Choose: Decide how to deal with the source of your stress. If distortion is the root of the problem, can you recognize this and let go? Is the problem or constraint a real one or is it one of your mind’s making? If the problem is real, are there practical steps you can take to cope with it? Practicing a mini-relaxation may also help.
Make a worry box
Everyone gets distracted by worries and concerns, but sometimes these worries can spill over, seeping into the fabric of your day. Having a place to contain your worries — quite literally — may help you set them aside so that you can focus on the more pleasurable or meaningful parts of your life.
Begin by finding or making a worry box. Any box will do. This is a great exercise for children, but youngsters may find it even more appealing if they can decorate the box as they like and keep it in a special place.
At the end of the day, take a few minutes to write down two or three of your concerns on slips of paper and place them inside the box. Or if the box is handy, you can write down worries as each crops up and drop your worries into the box throughout the day.

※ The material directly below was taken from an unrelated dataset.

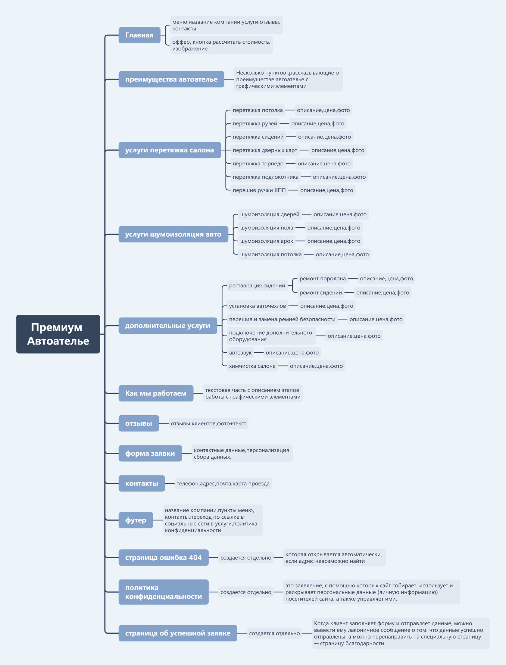 После интервью создала структуру сайта: какие смыслы и в каком порядке доносим до пользователей.

The worry box allows you to mentally let go of your worries. Once your worries are deposited in the box, try to turn your attention to other matters.
What you do with your slips of paper is up to you. Some people choose to throw out the notes without reading them again while others benefit from looking through them periodically before tossing them away. In that case, you may be surprised to find that most of your worrying was fruitless; the scenarios you imagined never came to pass.